The benefits of an HSA plan for employers
Health savings accounts are not just beneficial for employees. Employers can take advantage of health savings accounts as well. The below outlines just a few ways that offering a health savings account can benefit employers:
- Cost Savings: An HSA plan can save employers money on insurance premiums compared to other insurance plans by placing more of the overall medical costs back on the employee. This, of course, is if an employer is contributing to paying all or part of the monthly insurance premium for the HDHP plan.
- Increased Employee Benefits: Offering an HSA plan can provide a valuable benefit to employees, especially if they are able to save money on their healthcare expenses and overall taxable income. An HSA provides added richness to the overall benefits offerings of an organization.
- Tax Advantages: Employers can make tax-free contributions to employees’ HSAs, and employees can make pre-tax contributions through payroll deductions. It is important to note that employees cannot write off any contributions made by the employer and the employer cannot write off any contributions made by an employee.
Concerns an employer may have about HSA — and what to do
Health savings plans are an amazing tool if used correctly. The below are a few of the top concerns that employers have for offering health savings accounts to their workforce:
- Confusion for Employees: Some employees may find the HSA concept confusing, which can lead to lower participation rates. Many employers do not have the knowledge to train employees on the benefits of utilizing an HSA to help offset upfront costs found in an HDHP plan. Employers may feel that employees will just see more money taken from their paychecks if they must contribute to an HSA on top of paying the premiums for the HDHP plan.

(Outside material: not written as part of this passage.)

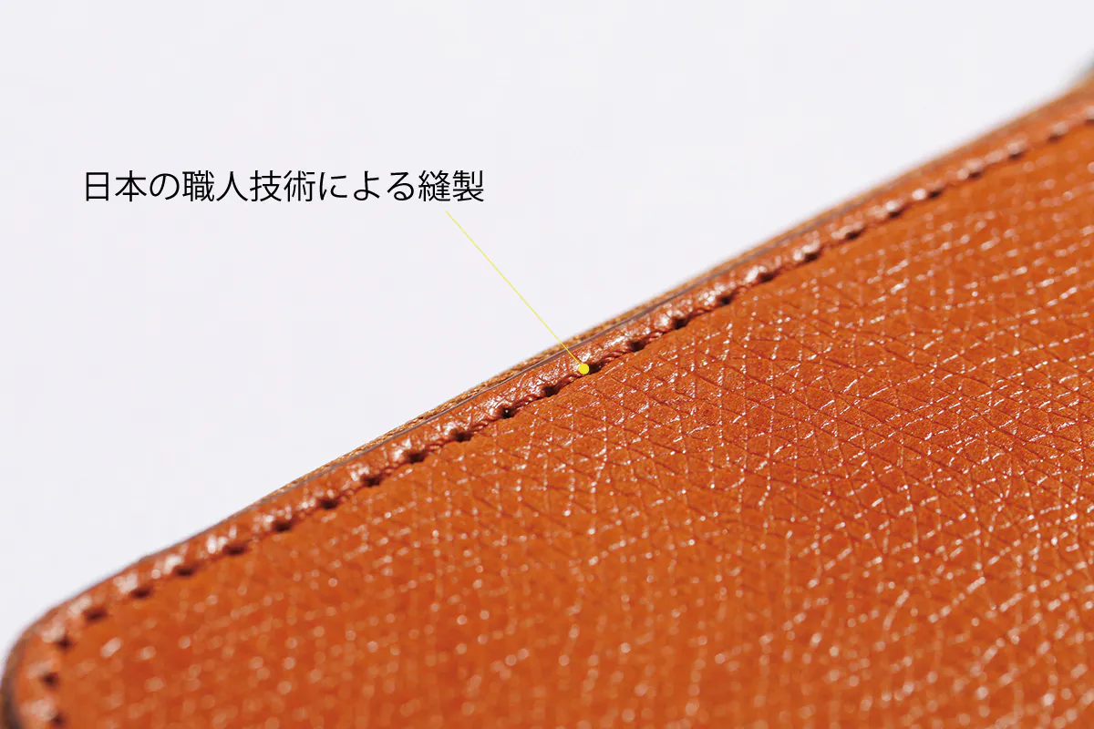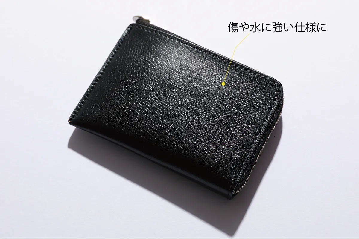 牛革に本エナメルと呼ばれる加工を施しており、本エナメルとは革の表面にウレタン樹脂を吹き付け通常のエナメルより樹脂膜が厚く、より上品な透明感になります。通常の本エナメルはクロム鞣しの革を用い顔料仕上げになりますが、革の厚みを最大限に出すためにベースの革は北米産のタンニンで鞣されたヌメ革を使用しています。ベースの革は強く使えば使うほど馴染み、経年変化もさらに楽しむことができる上質レザーで、手に馴染む感覚を味わいながらより長くご愛用いただけるように仕上げました。

- Administrative Costs: Employers may incur additional administrative costs to set up and maintain an HSA plan. Though these costs are only dollars per employee/per month, these costs can add up. Employers do have the ability to transfer the administrative fees to the employee.
- Lack of Awareness: Many employees may not be familiar with HSAs, which can lead to low participation rates. Training is critical to help piece the puzzle together for your employees after seeing the higher deductibles than what a traditional health plan may offer. Most HSA account owners only use an HSA to help offset medical expenses. Though HSA accounts can be a great investment tool, most employers and employees do not know that this option exists or how to go about utilizing a health savings account for investment purposes.
HSAs offer valuable benefits to employers and employees
Health Savings Accounts (HSAs) offer a cost-effective and flexible option for small to mid-size employers to provide their employees with a method to help offset medical expenses. They provide benefits for both employers and employees, including cost savings, increased flexibility, and tax advantages. However, employers may have concerns about administrative costs, confusion among employees, and lack of awareness of the HSA concept. Overall, HSAs can be a valuable benefit for both employers and employees, and it’s important to carefully consider the pros and cons before implementing an HSA plan.